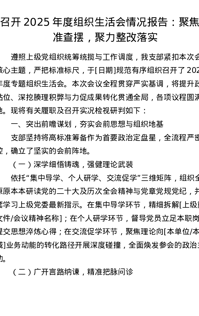 召开2025年度组织xxx情况报告:聚焦精准查摆,聚力整改落实
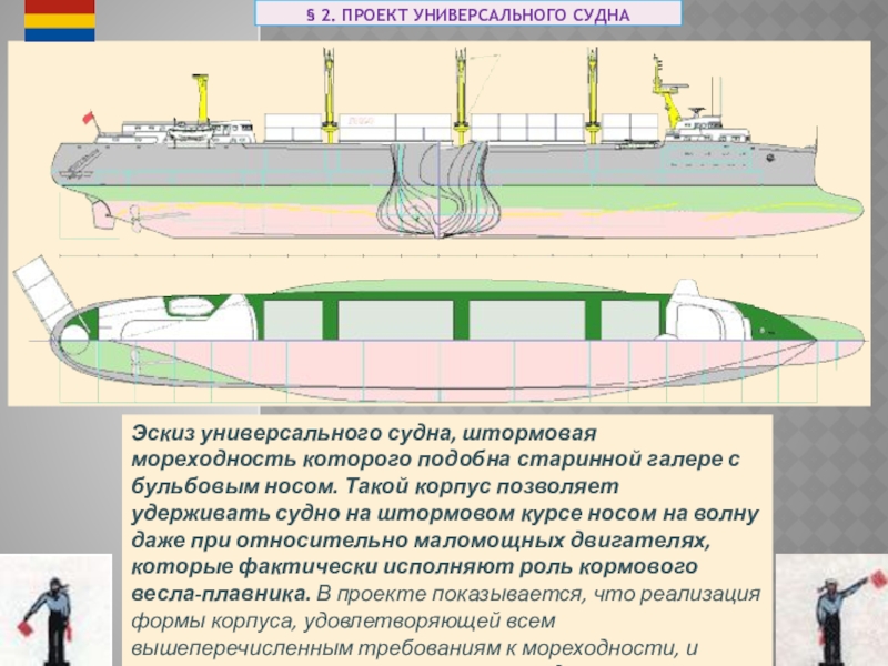 подобна старинной галере с бульбовым носом. Такой корпус позволяет удерживать судно на штормовом курсе носом на волну даже при относительно маломощных двигателях, которые фактически исполняют роль кормового весла-плавника. В проекте показывается, что реализация формы корпуса, удовлетворяющей всем вышеперечисленным требованиям к мореходности, и использование этого корпуса возможно даже в случае самого сложного универсального судна.
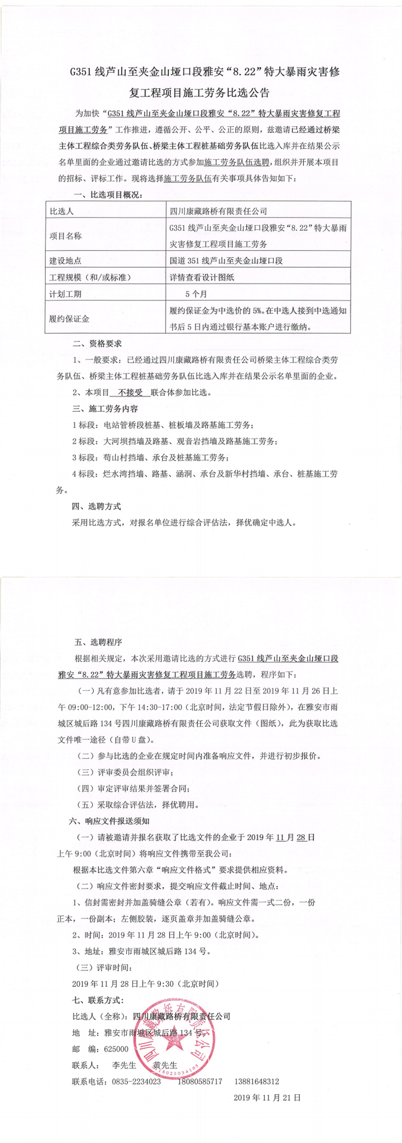 四川康藏路橋有限責(zé)任公司G351線蘆山至夾金山埡口段雅安“8.22”特大暴雨災(zāi)害修復(fù)工程項(xiàng)目施工勞務(wù)比選公告
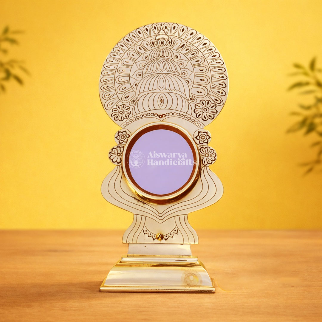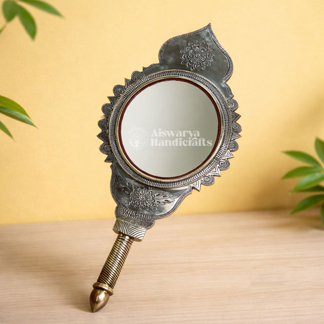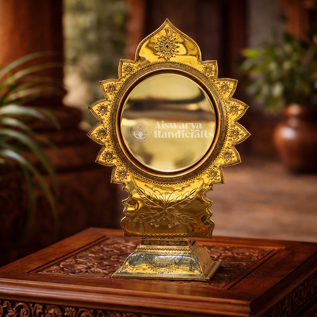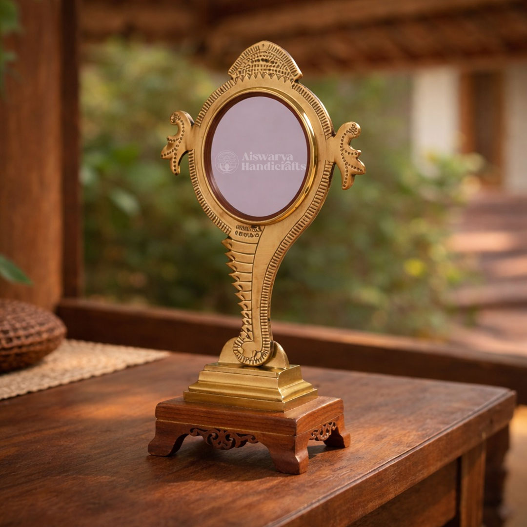Aiswarya Handicrafts proudly presents the authentic Aranmula Kannadi, Kerala’s legendary handmade metal mirror admired for its divine charm and heritage. Each mirror is carefully crafted by skilled artisans, preserving a secret tradition passed down through generations, making every piece unique and timeless.
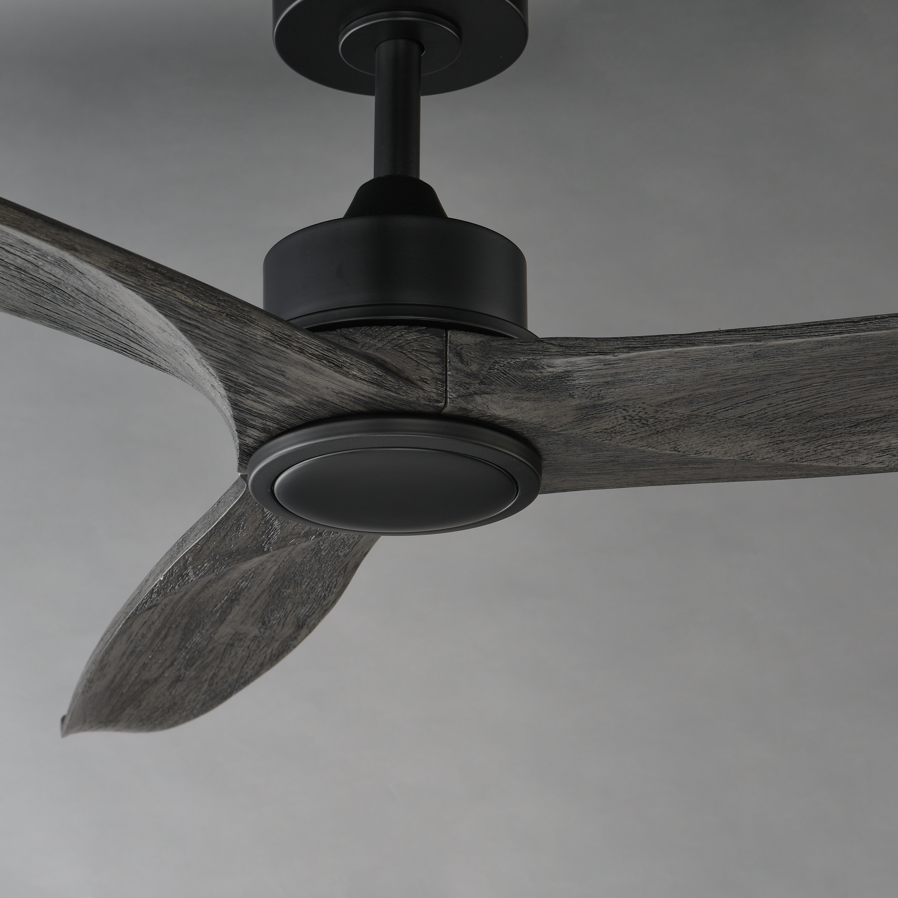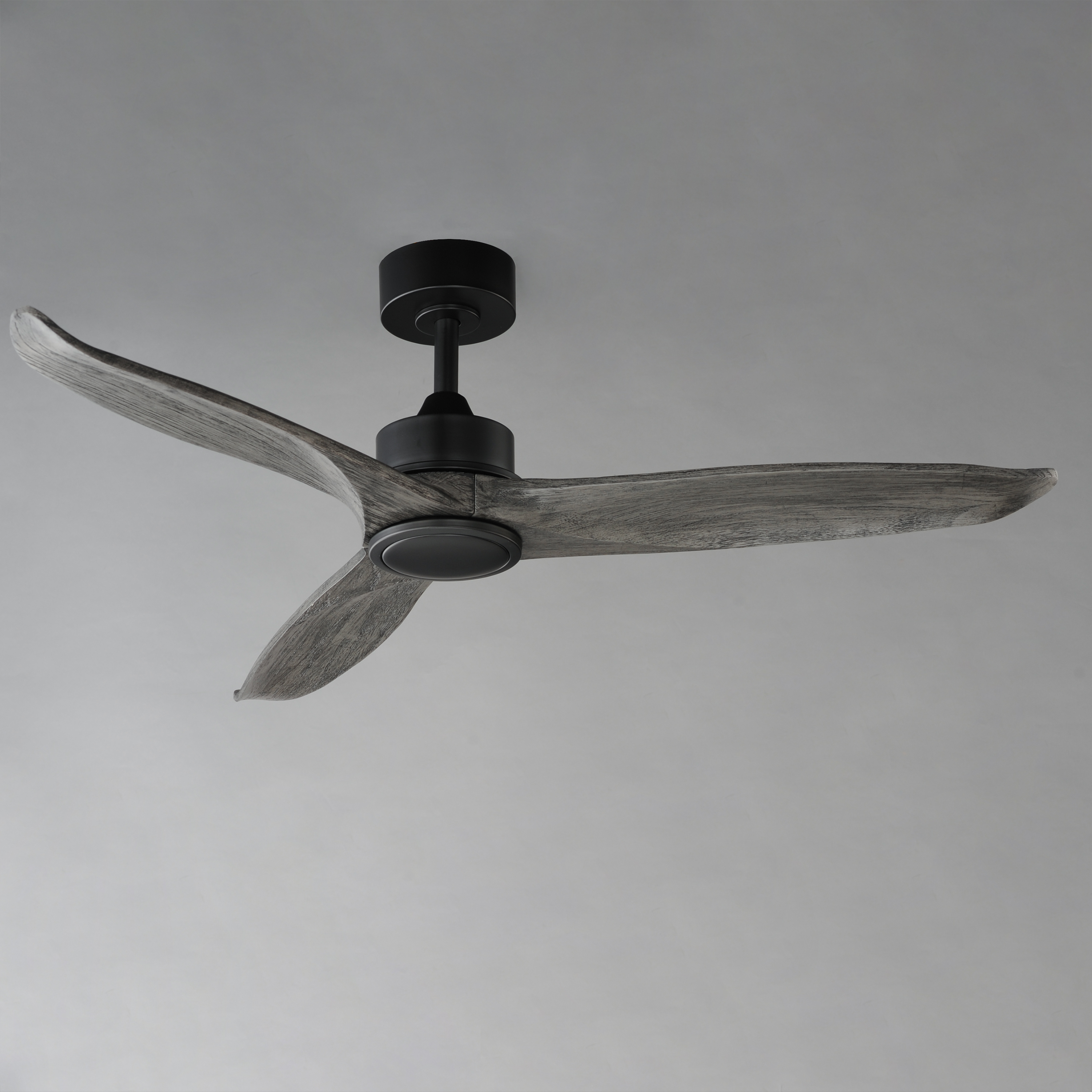Solid Wood blades curve as they rotate around a center housing with LED light kit included. An additional cover plate is included if the light kit is not used. Select from stylish finish combinations including Natural Aged Brass with White Wood, Satin Nickel with Greywood, Black with Walnut wood, or Charcoal Bronze with Distressed Wood.
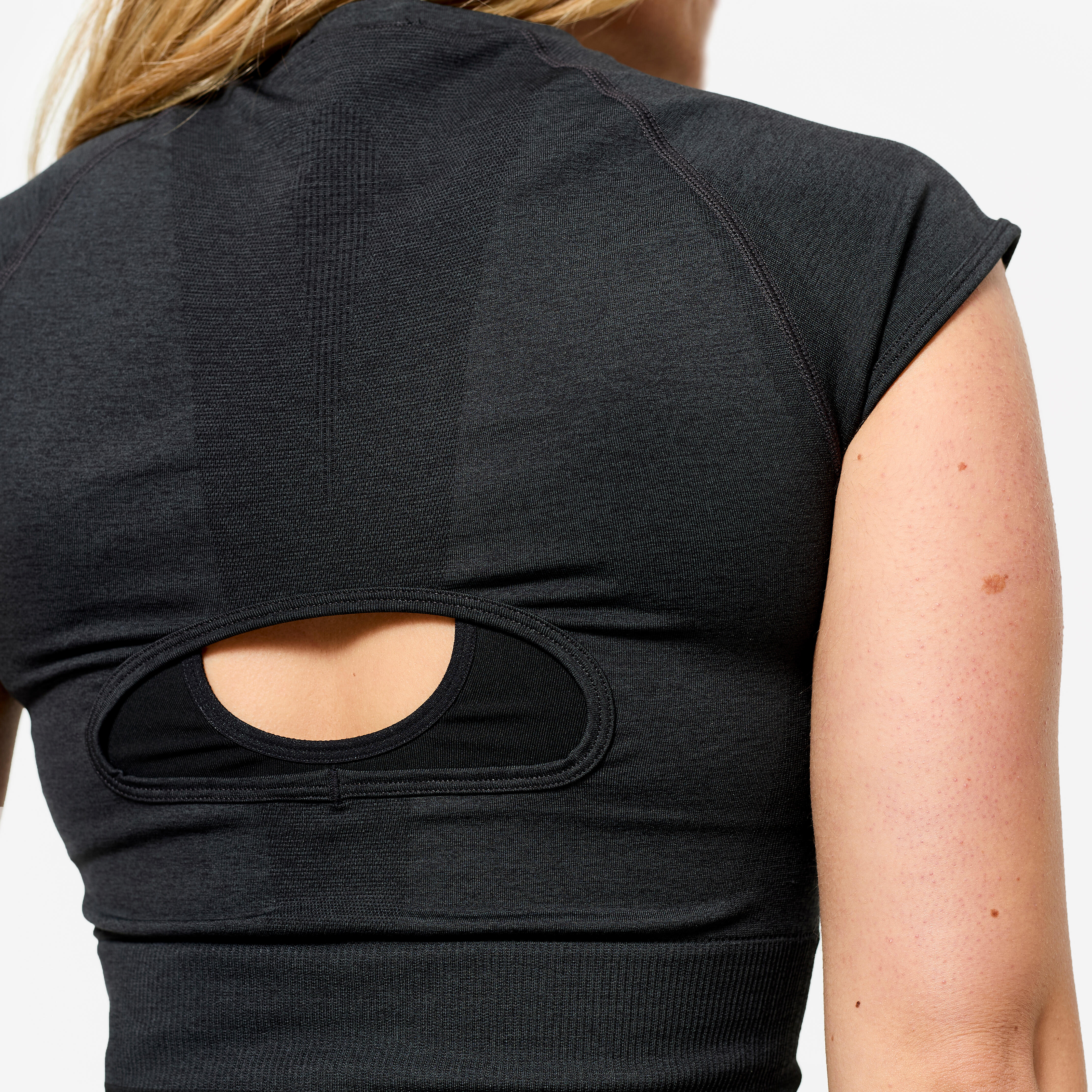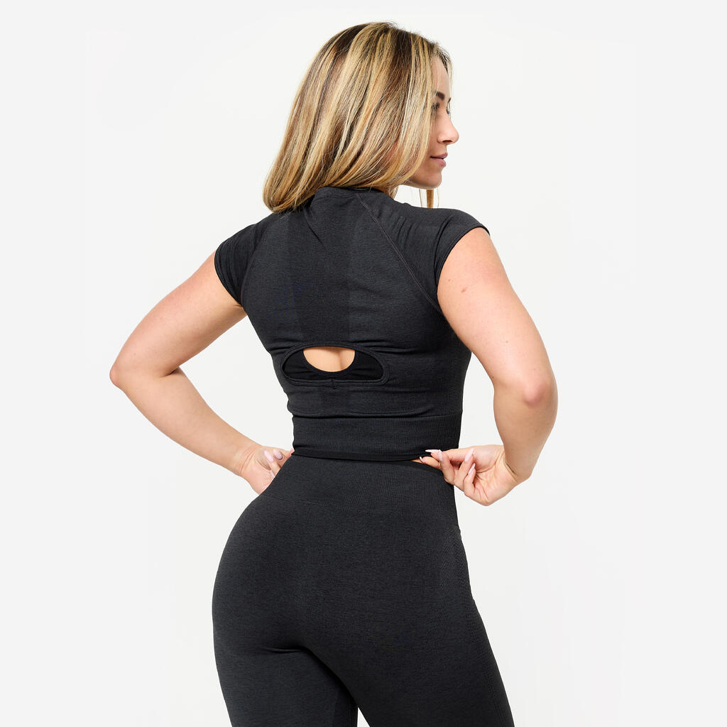 חולצת בטן ללא תפרים לאימוני משקולות לנשים - שחור
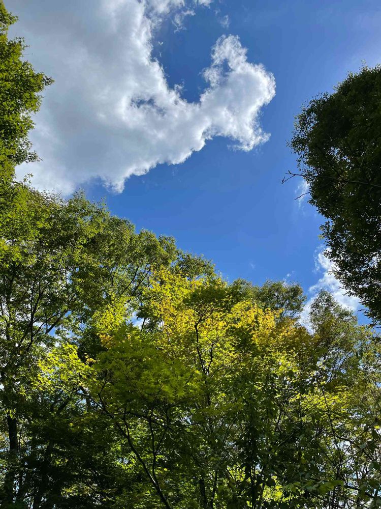 かすかに色付いたモミジは朝日を浴びて輝いてました🍁
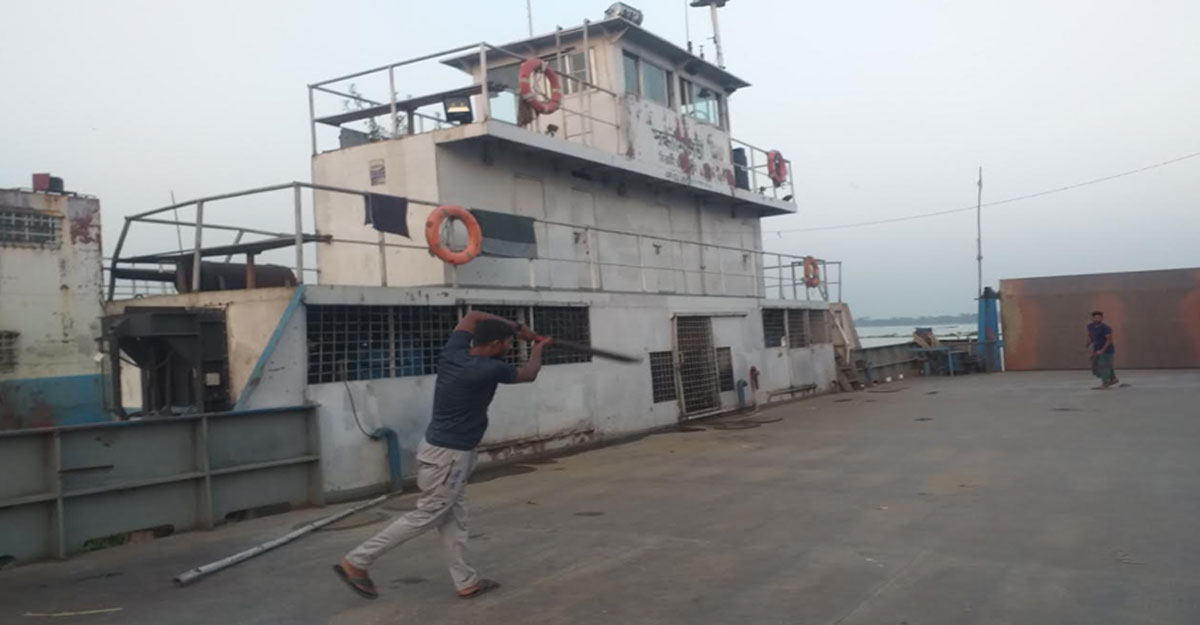 ফেরিতে ক্রিকেট খেলছেন স্টাফরা
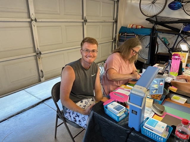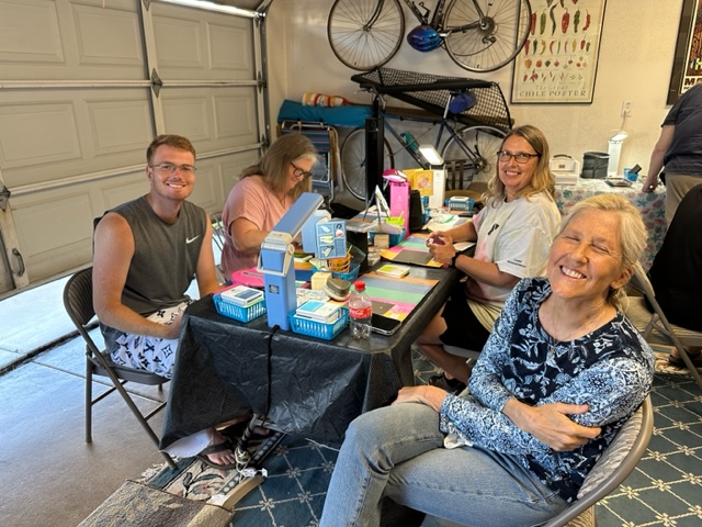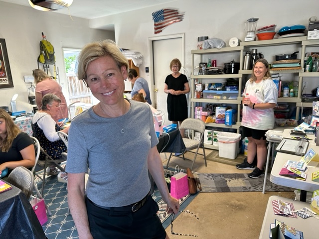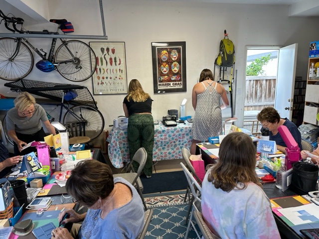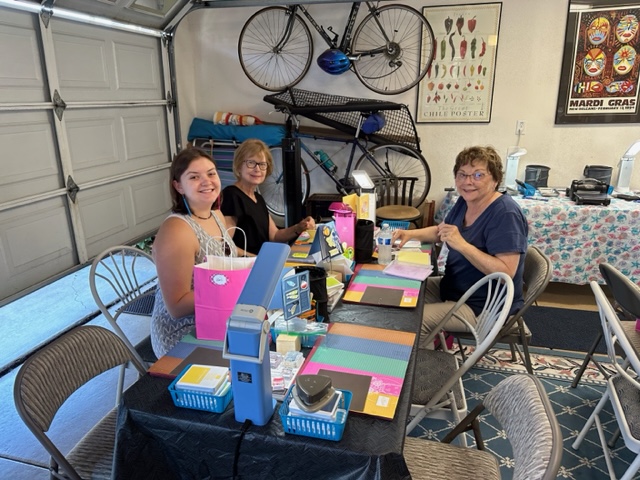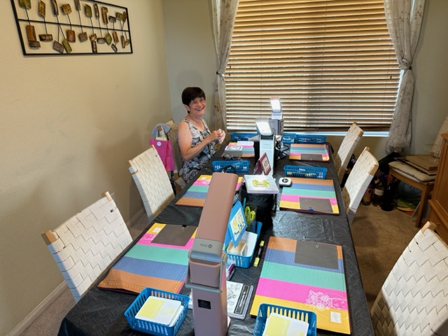 Tables 2 and 3 in my garage. I have everything on the tables for them to make the cards except they bring their own tape as I don’t supply it anymore, its just too expensive now. Our July SAS it was hot outside, so I left our 3rd garage by open and then had two big fans blowing in the room and once they were going the garage was not bad at all. Thanks to all my stampers and their support of my little business. You are the reason I am able to have these SAS at my house, so thank you.
━━━━
### TASK PROMPT
Give back the full listing exactly, with pictures dropped.

### WRITTEN SOLUTION
 召开2025年度组织xxx情况报告:聚焦精准查摆,聚力整改落实
 подобна старинной галере с бульбовым носом. Такой корпус позволяет удерживать судно на штормовом курсе носом на волну даже при относительно маломощных двигателях, которые фактически исполняют роль кормового весла-плавника. В проекте показывается, что реализация формы корпуса, удовлетворяющей всем вышеперечисленным требованиям к мореходности, и использование этого корпуса возможно даже в случае самого сложного универсального судна.
 四川康藏路橋有限責(zé)任公司G351線蘆山至夾金山埡口段雅安“8.22”特大暴雨災(zāi)害修復(fù)工程項(xiàng)目施工勞務(wù)比選公告
Aiswarya Handicrafts proudly presents the authentic Aranmula Kannadi, Kerala’s legendary handmade metal mirror admired for its divine charm and heritage. Each mirror is carefully crafted by skilled artisans, preserving a secret tradition passed down through generations, making every piece unique and timeless.
Solid Wood blades curve as they rotate around a center housing with LED light kit included. An additional cover plate is included if the light kit is not used. Select from stylish finish combinations including Natural Aged Brass with White Wood, Satin Nickel with Greywood, Black with Walnut wood, or Charcoal Bronze with Distressed Wood.
 חולצת בטן ללא תפרים לאימוני משקולות לנשים - שחור
 かすかに色付いたモミジは朝日を浴びて輝いてました🍁
 ফেরিতে ক্রিকেট খেলছেন স্টাফরা
 Tables 2 and 3 in my garage. I have everything on the tables for them to make the cards except they bring their own tape as I don’t supply it anymore, its just too expensive now. Our July SAS it was hot outside, so I left our 3rd garage by open and then had two big fans blowing in the room and once they were going the garage was not bad at all. Thanks to all my stampers and their support of my little business. You are the reason I am able to have these SAS at my house, so thank you.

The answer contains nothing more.